The Second Lesson: The Controls Are Even Worse

OK, so let’s say you’ve managed to figure out what your dog wants. Having offered food, toys, that one corner of the garden that they seem to think of as their outdoor en suite, you finally realise, oh, they must be thirsty. Now all you have to do is reach the water bowl without them spotting, leaping into and eating their way back out of that gigantic pile of leaves.

The thing is, dogs are almost entirely voice-controlled – and frankly, the speech recognition isn’t great. This is something Nintendogs gets exactly right, relying on spoken commands to control your virtual dog. This still feels like strange magic, even a decade on, and it’s exactly the same for the real-life variety. It’s incredibly rewarding to see your pup sitting down just as you tell it to – even if you do quietly suspect that it may have been a coincidence.

The other thing about Nintendogs is that it’s a DS game. Play it on the go and you’re likely to be the guy on the bus that everyone else avoids sitting next to, as you loudly berate the unresponsive piece of plastic in your hands. If you plan to get a dog, though, this is a useful experience. You’ll spend plenty of time in public shouting commands, as the dog looks on disinterestedly and continues to chew on the child’s shoe you desperately hope it just found on the street.

The Third Lesson: You Need To Learn To Multitask

The Sims 3: Pets captures this experience best with the autonomy setting turned up to max.
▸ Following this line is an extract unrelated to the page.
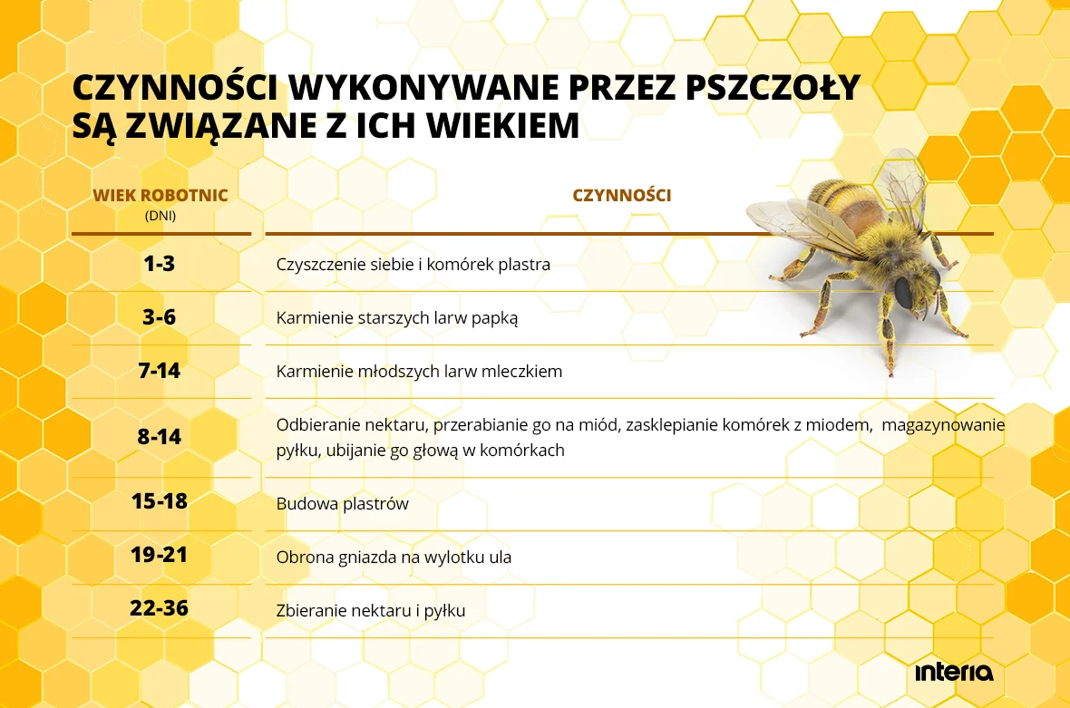 - Praca jest zorganizowana według ich wieku. Zaczynają od obowiązków w ulu, a kończą na lataniu po pożytek.

You can queue up commands for the dog, but momentarily turn your attention to one of the bipedal Sims under your care, and you’re likely to find your furry friend disregarding those earlier suggestions in favour of digging up that carefully landscaped garden.

Frankly, even the most helpful in-game dog is going to get in the way of your objective every now and then. D-Dog is a great companion on MGS V’s missions, able to sniff out enemies before you spot them and act as a distraction… until the moment things go wrong. Suddenly, you’re angling the camera over Big Boss’ shoulder to check D-Dog hasn’t rushed over to tussle with the driver of that Metal Gear walker with the two machine guns strapped to its sides.
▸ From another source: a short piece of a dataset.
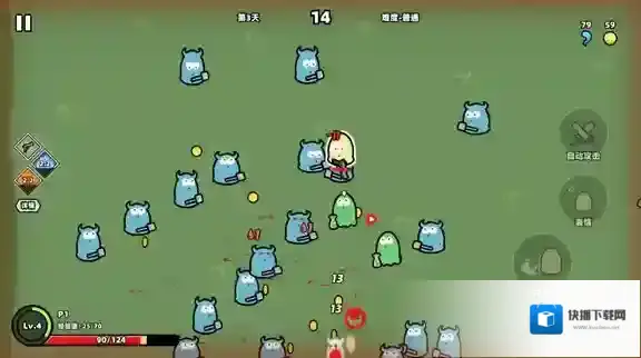 5、全部选好后就会正式开始,滑动屏幕可以控制角色移动,点击右边攻击按键可以自动攻击。

This is how working from home with Lucky feels. He’s a great stress-buster, but has an uncanny knack for launching a salvo of woofs during any vaguely important phone call. It’s hard to stay angry with a face like this, though:

It’s much, much worse when you’re the problem. While playing with Boss’s new stun arm, trying to figure out how it works, I accidentally knock D-Dog out with a concentrated burst of electricity. ‘Your bond with D-Dog has decreased’, reads the on-screen message.

My heart sinks exactly like it does every time I accidentally trod on Lucky, or shut the gate in his face, or ran over his tail with my office chair. In MGS V, you can hammer a button to tell D-Dog he’s a good boy, until that tail starts wagging again and you can breathe a sigh of relief. In real life, Lucky just stares at me with eyes full of confusion and betrayal.
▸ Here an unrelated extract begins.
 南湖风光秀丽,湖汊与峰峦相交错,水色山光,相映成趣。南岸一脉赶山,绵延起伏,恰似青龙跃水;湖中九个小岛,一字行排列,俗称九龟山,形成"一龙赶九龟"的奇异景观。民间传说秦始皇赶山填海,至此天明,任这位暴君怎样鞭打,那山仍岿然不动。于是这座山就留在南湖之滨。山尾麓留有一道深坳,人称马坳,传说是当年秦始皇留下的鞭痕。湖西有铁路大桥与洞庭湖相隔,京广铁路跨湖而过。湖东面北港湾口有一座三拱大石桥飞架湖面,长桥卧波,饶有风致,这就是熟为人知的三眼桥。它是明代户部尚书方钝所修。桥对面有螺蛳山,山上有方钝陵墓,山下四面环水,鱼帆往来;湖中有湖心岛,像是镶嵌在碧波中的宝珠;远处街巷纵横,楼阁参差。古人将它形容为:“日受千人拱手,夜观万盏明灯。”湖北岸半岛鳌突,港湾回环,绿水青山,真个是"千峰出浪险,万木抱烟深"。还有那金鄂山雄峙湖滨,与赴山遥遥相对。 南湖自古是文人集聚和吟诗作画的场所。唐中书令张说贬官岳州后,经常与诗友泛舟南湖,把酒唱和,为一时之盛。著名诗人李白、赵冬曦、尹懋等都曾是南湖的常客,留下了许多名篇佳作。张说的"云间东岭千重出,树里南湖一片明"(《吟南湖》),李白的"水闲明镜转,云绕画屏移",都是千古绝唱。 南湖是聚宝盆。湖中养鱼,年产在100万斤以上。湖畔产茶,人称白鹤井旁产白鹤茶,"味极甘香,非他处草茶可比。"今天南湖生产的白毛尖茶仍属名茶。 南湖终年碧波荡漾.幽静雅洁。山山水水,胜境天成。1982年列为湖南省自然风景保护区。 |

The Fourth Lesson: You Can Never Truly Be Prepared

There are some things that no game can really prepare you for. I don’t remember the bit in MGS V, for example, where D-Dog is sick en route to a mission, producing a substance that resembles awful school-dinner chilli con carne but which he apparently finds delicious.

There’s no Nintendogs minigame that has you waggling the stylus to pee against a shed at 3am in a sleep-deprived attempt to teach your new puppy that the garden is a great place to go to the toilet. Your Sims never have to handle a call from the vet, telling them in gibbering Simlish that they’ve spotted that the dog still has his balls attached and, as he’s already under anaesthetic, they can lop them off for an extra twenty quid if you act now.

Every day of dog ownership comes with more snap decisions than an entire season of Telltale’s Walking Dead. It’s deeply rewarding (as if to prove this point, Lucky has just collapsed onto my lap as I write this, like a softly snoring hot water bottle) but equally exhausting.

Thankfully, when it all starts to wear you down, you can always turn the comforting relief of games. I hear some of them don’t even have any dogs in.